Hyun Kwanyong, Park In Kyu, Song Jae Won, Park Samina, Kang Chang Hyun, Kim Young Tae
Department of Thoracic and Cardiovascular Surgery, Seoul St. Mary's Hospital, Catholic University of Korea.
Department of Thoracic and Cardiovascular Surgery, Seoul National University Hospital.
Medicine (Baltimore). 2019 Mar;98(11):e14831. doi: 10.1097/MD.0000000000014831.
Thoracoscopic resection of small subsolid nodules is challenging and requires preoperative localization. We investigated the efficacy, safety, and factors affecting accuracy in localizing pulmonary nodules with electromagnetic navigation bronchoscopy (ENB)-guided dye marking.Patients with small subsolid nodule(s) who underwent thoracoscopic resection after ENB-guided dye marking were retrospectively reviewed. Dye marking was performed at the nearest pleura and the localized nodule(s) was resected thoracoscopically. Efficacy was evaluated by success rates of dye marking and resection of nodules. Navigation accuracy was represented by target distance, which was the closest distance between target and the tip of locatable guide. Factors affecting target distance were evaluated by linear regression analyses.Twenty-nine ENB-guided dye markings were done for 24 nodules in 20 patients. The success rate of the dye marking and nodule localization were 93.1% (27/29) and 95.8% (23/24), respectively. Twenty-three nodules were completely resected thoracoscopically without conversion. There were no ENB-related complications: pneumothorax or bronchopulmonary hemorrhage. Nine targets were in the upper, 14 in the middle, and 6 in the lower zone. Even though navigation time was longer in the upper zone, target distance showed no significant inter-zone difference. Approach angle was the only significant predictor for target distance (0-45°, estimate = -1.24, P = .01; 45-90°, estimate = -1.26, P = .006; reference = ≥90°).Localization with ENB-guided dye marking is effective and safe for thoracoscopic resection of small subsolid nodules. For better performance, a pathway with smaller approach angle (<90°) should be selected to increase the navigation accuracy.
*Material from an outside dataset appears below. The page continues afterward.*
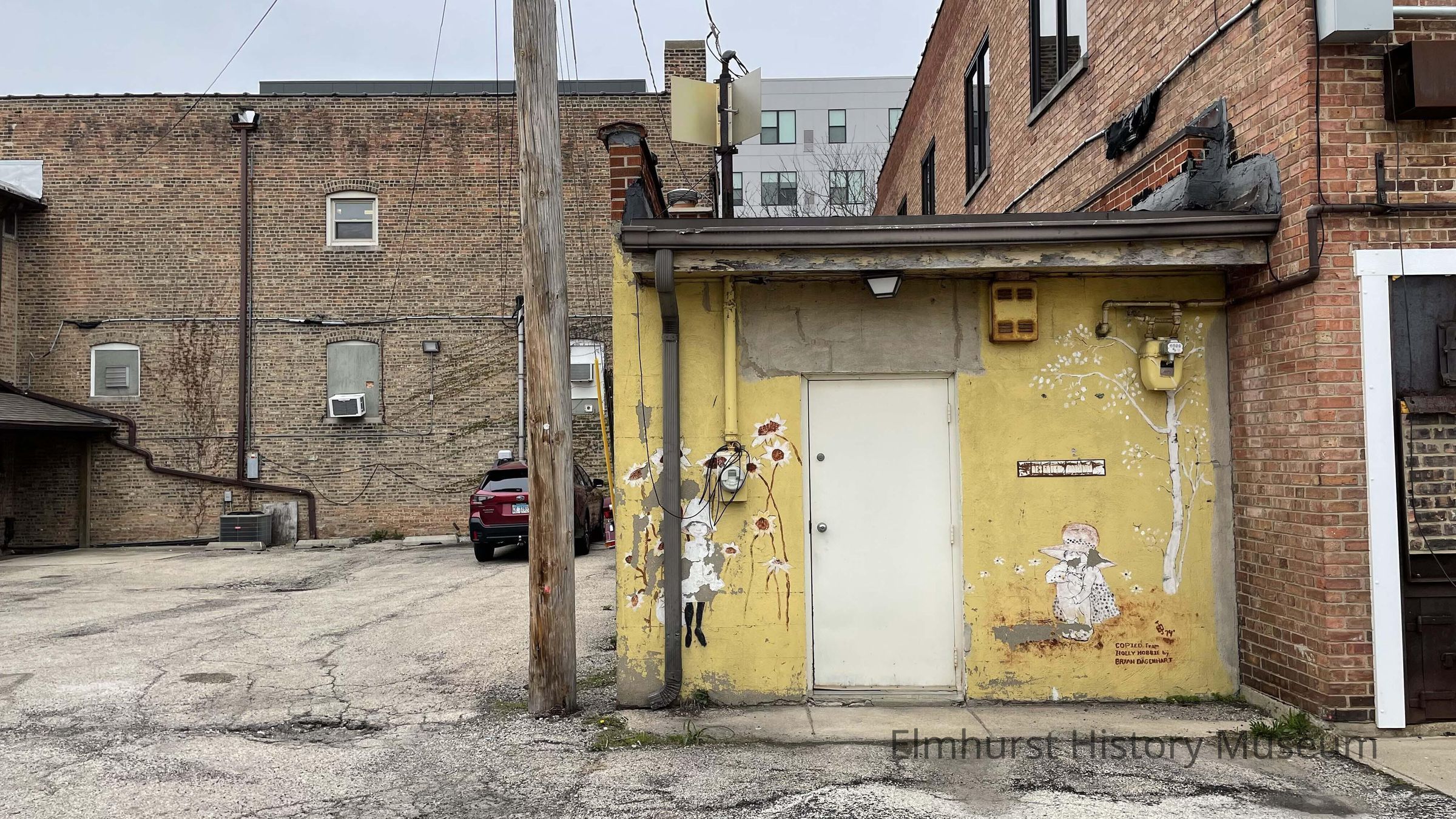 Mural behind the Christian Science Reading Room at 109 N. Addison Avenue, shortly before it was removed.Photograph Details

胸腔镜下切除小型亚实性结节具有挑战性,需要术前定位。我们研究了电磁导航支气管镜(ENB)引导下染料标记在定位肺结节方面的有效性、安全性及影响准确性的因素。
对在ENB引导下染料标记后接受胸腔镜切除的小型亚实性结节患者进行回顾性分析。在距结节最近的胸膜处进行染料标记,然后通过胸腔镜切除定位的结节。通过染料标记成功率和结节切除率评估有效性。导航准确性用目标距离表示,即目标与可定位导丝尖端之间的最短距离。通过线性回归分析评估影响目标距离的因素。
对20例患者的24个结节进行了29次ENB引导下的染料标记。染料标记成功率和结节定位成功率分别为93.1%(27/29)和95.8%(23/24)。23个结节通过胸腔镜完全切除,无需中转。未发生与ENB相关的并发症,如气胸或支气管肺出血。9个目标位于上叶,14个位于中叶,6个位于下叶。尽管上叶的导航时间较长,但目标距离在各叶间无显著差异。进针角度是目标距离的唯一显著预测因素(0 - 45°,估计值 = -1.24,P = 0.01;45 - 90°,估计值 = -1.26,P = 0.006;参考值 = ≥90°)。
ENB引导下染料标记定位对于胸腔镜切除小型亚实性结节是有效且安全的。为了获得更好的效果,应选择进针角度较小(<90°)的路径以提高导航准确性。